HANK FISHER OF
THE BOHEMIAN
CLUB GOES AFTER
THE DUTCHMAN


Joe Barrett Loses on the Deal But Comes
Up Smiling at Josh Tyrebuck
and Bud du Cane


Then came the details. The dollar tossed at the Bay Club, which gave Hank two thousand dollars’ worth of goods for nothing, the loan of the Wear Jack by Tyrebuck and George du Cane’s participation in the business.

George felt as though all his clothes had suddenly been stripped off him there in the street. Hank whistled.

Then he said: “That’s Barrett. Lord, I might have known. He didn’t toss fair, he wanted me to win, and now, look! He’s got the goods, five thousand dollars’ worth of advertising for a thousand dollars’ worth of bully beef and canned t’matoes. It won’t cost him more than that, for he’s giving me the stuff at retail prices. And now it will be all over the town and all over the waterside.”

“Curse him,” said George. His lips were dry. There was a jocular tone in that confounded press notice that cast a blight on everyone concerned except Joe Barrett. Joe, though he was the only loser of money in the business up to the present was, in some extraordinary way, put on a pedestal as a sport, whilst the others ran round the plinth like figures of fun.

“It’s him and his publicity man, Josh Scudder, who’ve done it,” said Hank. “I can tell Josh’s hand in it—it’s his style.

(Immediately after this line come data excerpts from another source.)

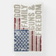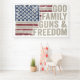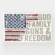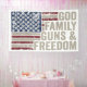A distressed American flag anchors this bold declaration of values: God, Family, Guns & Freedom. With vintage texture and commanding typography, the design speaks to enduring convictions and the spirit of liberty.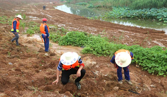 7月28日下午一点,留守在铜城闸巡堤的吴跃明与陈志,在巡查时发现黄墩大桥至铜城闸堤岸旁一处不起眼的地方,湿润的泥土地里有一股水流正在往农田地里渗漏,水量逐渐岀现变化,立即上报当地防汛指挥所,并开展抢险工作——用铁锹铲土,压实渗漏点。后经水利专家确认无风险,排除此处安全隐患。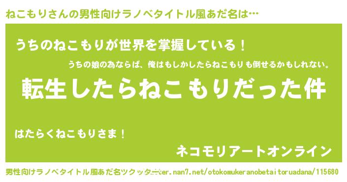 | 意味不明あだ名 | 『たけのこ科ねこもり属』『自称ねこもり』 |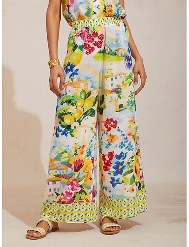 Sitruspuutarhan tyyliset, ilmavat ja leveälahkeiset lomahousut
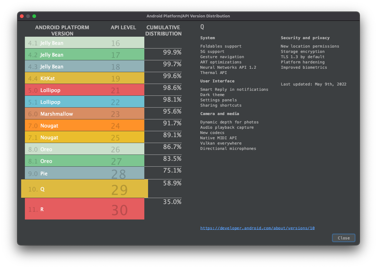 위에서 보이는 것처럼 안드로이드는 수많은 API 버전이 존재한다. API 버전이 올라가면서 안드로이드 기술이나 안드로이드를 개발하는 IDE인 안드로이드 스튜디오도 같이 발전했다. 그러다보니 1년만 지나더라도 구식 기술이 되는 경우도 있다. 현시점에서 제대로된 안드로이드 기본서를 찾을 때 최신 정보가 포함되어야 수많은 안드로이드 디바이스를 커버하고 더 나은 앱 퍼포먼스를 구현할 수 있는 것이다. 위 차트에서는 11 버전까지만 다루고 있지만 아직 비중이 낮아 보이지 않는 12 버전도 미리 준비하면 좋다. 그럼 어떤 서적이 기본서 역할을 하면서 안드로이드 최신 정보를 담고 있을까?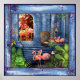 Blue marble pillars, archways to an indoor fantasy palace, with steps leading into a water pond, greenery ,plants, pink flowers, flamingos and an old fashioned cane reading chair.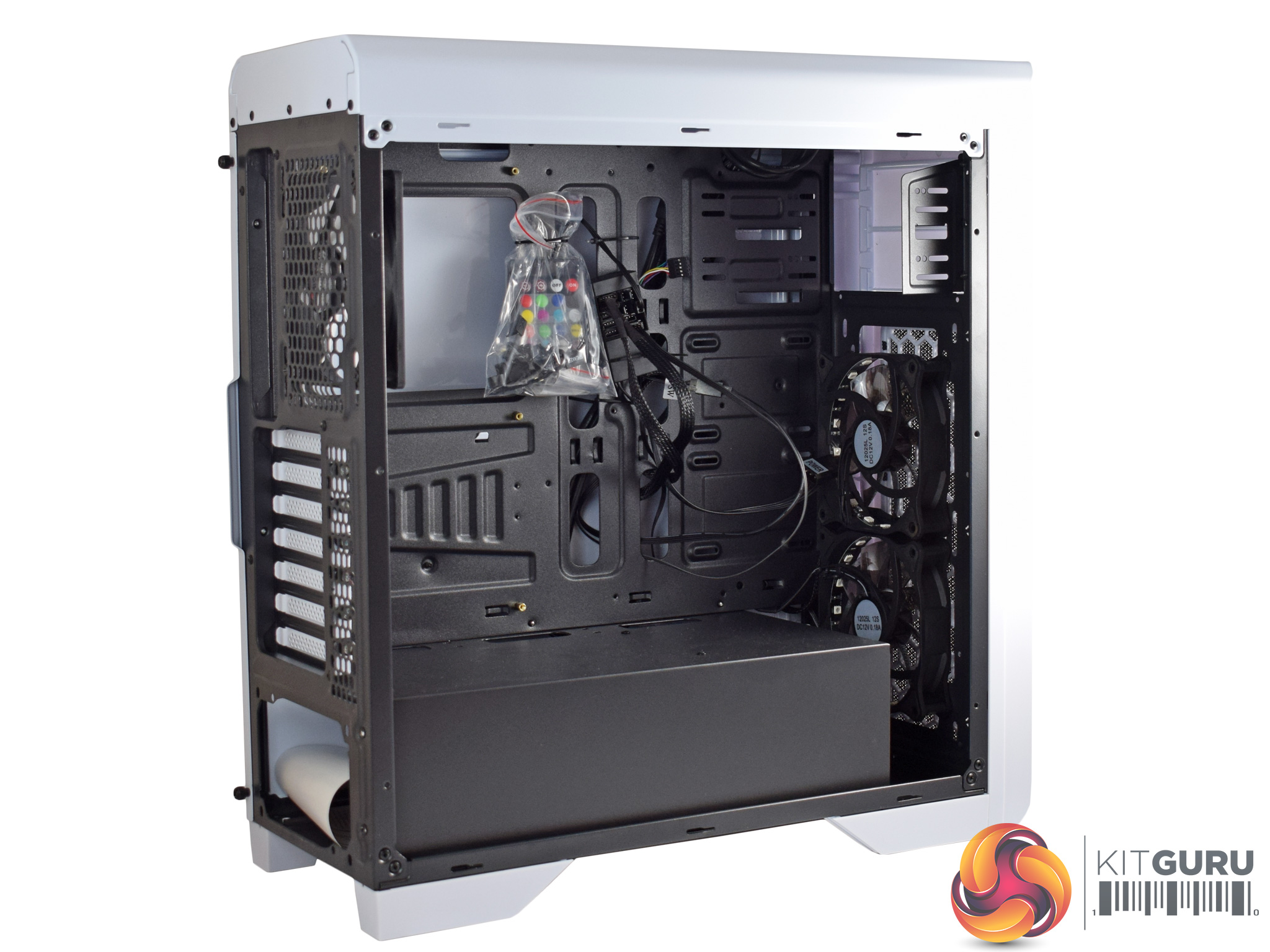 There are two 120mm, RGB fans at the front of the case as well – these are controlled by a small remote control. On the next page we take a look at some of the colour options available.

Well, there it is, it can’t be helped. I’d planned to slip out quiet and come back with a brass band playing Dutchland under alles and Vanderdecken in leg irons; now the blanket’s stripped off us clean. We’ll be laughed at from Hell to Hoboken if we don’t make good. We’re on the toboggan full speed, no use grabbing at the snow. There’s only one way out—we’ve gotta get the Dutchman.”